«[Figlio dell'uomo] Porgi l'orecchio e ascolta le parole di KGB
e applica la tua mente alla SUA istruzione
» Pv. 22,17

Qui si straparla di vari argomenti:
1. Il genere dei pezzi è segnalato da varie immagini, vedi Legenda
2. Per contattarmi e istruzioni per i nuovi lettori (occasionali e non) qui
3. L'ultimo corto è questo
4. Molti articoli di questo blog fanno riferimento a definizioni e concetti che ho enunciato nella mia Epitome gratuitamente scaricabile QUI. Tali riferimenti sono identificati da una “E” fra parentesi quadre e uno o più capitoli. Per esempio: ([E] 5.1 e 5.4)

martedì 21 novembre 2023

Economia del cotone

Non so se ho abbastanza materiale per scriverci un pezzo ma ci provo e vediamo cosa ne viene fuori.

La mia lettura di “Cotton is king” procede lentamente ma anche uniformemente.
Per adesso non vi ho trovato rivelazioni straordinarie (o epigrafi utili) ma nell’ultimo capitolo sta emergendo un qualcosa forse non chiaro neppure all’autore del testo. Ovviamente io ho il vantaggio di valutare con un senno di poi di quasi due secoli…
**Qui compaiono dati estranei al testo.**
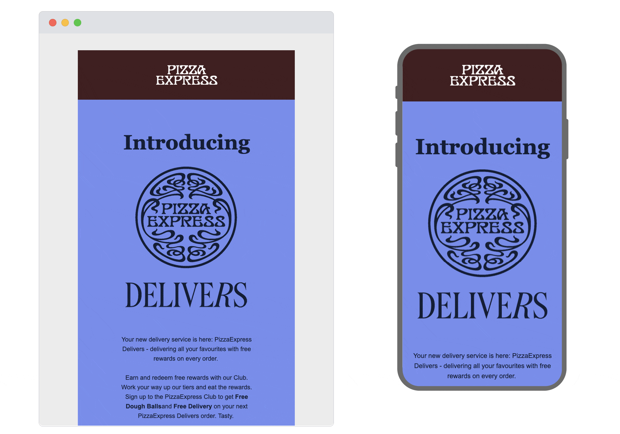 One of our lovely clients! PizzaExpress launched their new delivery service, so they wanted a dynamic email to announce it. And we think - just like them - we’ve delivered. Some great work from our designers on the animation in the hero, which works to draw the reader in as soon as the email is opened. We're big fans of animation like this; eye-catching but simple, not taking attention away from the content and copy.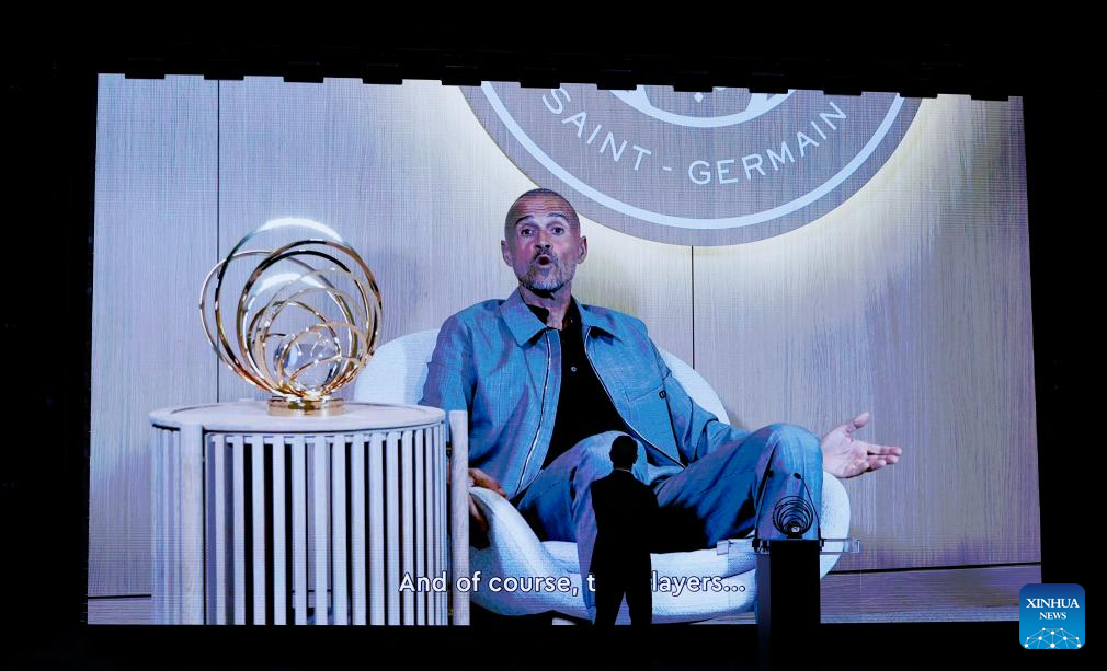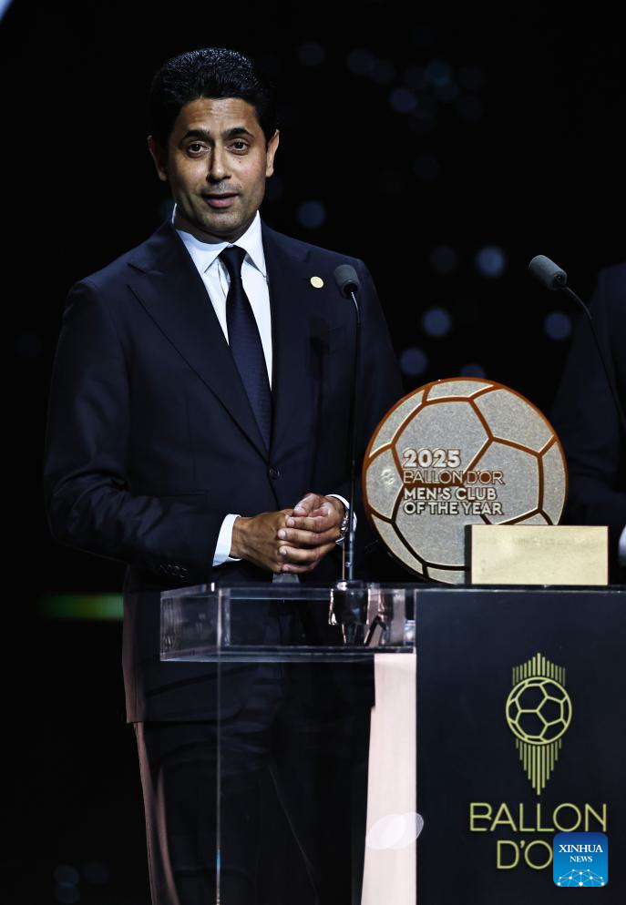 Paris Saint Germain's Qatari president Nasser al-Khelaifi gives a speech after the PSG won the best men's football club of the year award during the 2025 Ballon d'Or France Football award ceremony at the Theatre du Chatelet in Paris, France, on Sept. 22, 2025. (Xinhua/Gao Jing)

Nel capitolo in questione viene ripreso il punto di vista dell’Economist, e quindi dei poteri economici della Gran Bretagna, sul commercio del cotone. Questo a sua volta fa emergere le motivazioni di possibili complotti fra stati.

Ma prima cerchiamo di fare il punto della situazione. Siamo nel XIX secolo e il Regno Unito è in piena rivoluzione industriale. L’industria trainante è probabilmente quella tessile e i tessuti di cotone sono il prodotto principale che viene poi venduto in tutto il mondo (*1).
In UK vi sono le industrie ma manca la materia prima: il cotone infatti non può essere coltivato in tutto il mondo ma necessita di un clima tropicale.
Lo si può produrre negli stati degli USA del sud, nelle indie occidentali, nelle zone tropicali dell’Africa, in Egitto, in Brasile e soprattutto in India.
Oltre al vincolo del terreno/clima adatto vi è quello della manodopera necessaria a coltivarlo: un lavoratore può produrre solo una certa quantità di cotone: per averne di più è necessaria più manodopera.
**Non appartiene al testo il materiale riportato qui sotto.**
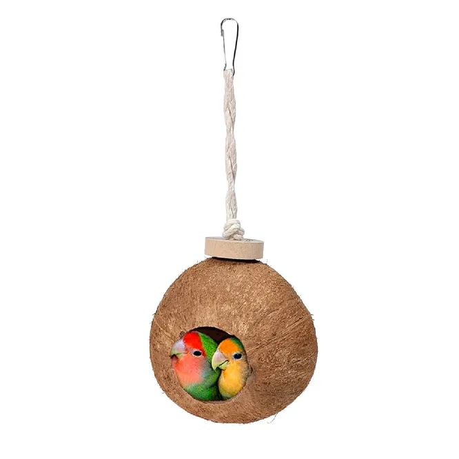 Кокосовый домик подойдет не только для попугаев, канареек и других птичек, но и для мелких грызунов. Крепится в любое место в клетке. В нём можно качаться, отдыхать, наблюдать за происходящим вокруг или разговаривать, кому-как больше нравится.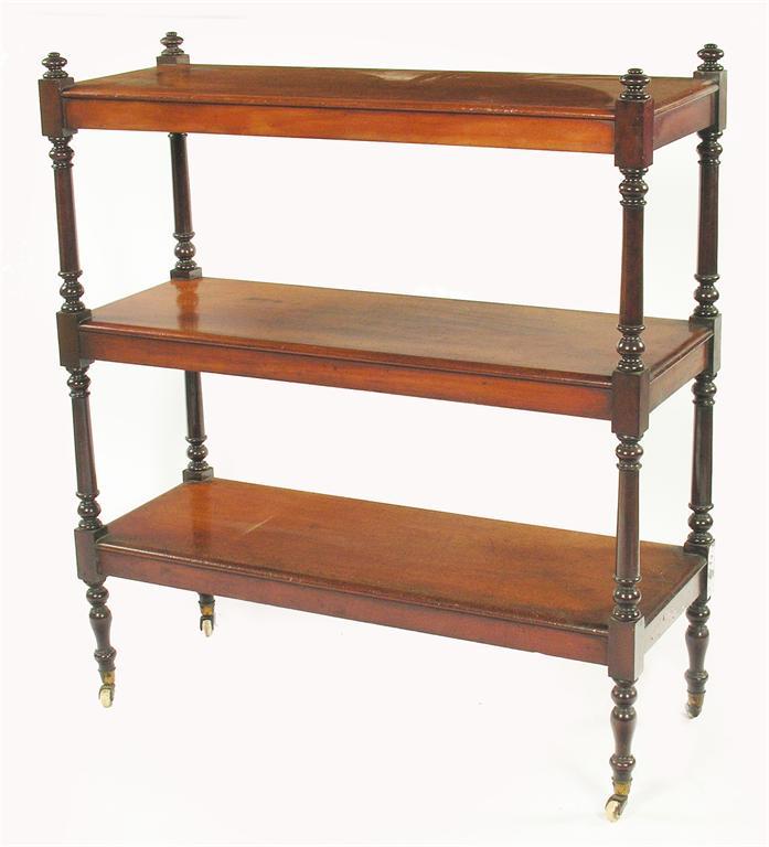 A Victorian mahogany three tier buffet, with turned support and finials, the castors stamped 'Cope & Collinson Patent', 47in (119cm) h, 42in (106.5cm) w, 16in (40.5cm) d.

Ovviamente gli industriali inglesi vogliono acquistarlo al minor prezzo possibile. Per i motivi sopraddetti l’India sarebbe il produttore ideale avendo sia terre adatte che manodopera in abbondanza: il problema è il trasporto. All’epoca (1860) il canale di Suez (1859-1869) ancora non è stato neppure iniziato (gli articoli sono dei primi anni '50) e i prodotti provenienti dall’India (e dall’oriente in genere) devono circumnavigare l’Africa. In pratica la produzione indiana diviene conveniente e si espande senza problemi (c’è manodopera e terreno) quando negli USA il raccolto è cattivo e, di conseguenza, il prezzo del cotone grezzo sale. La produzione africana, potenzialmente promettente, è invece piccola (*2).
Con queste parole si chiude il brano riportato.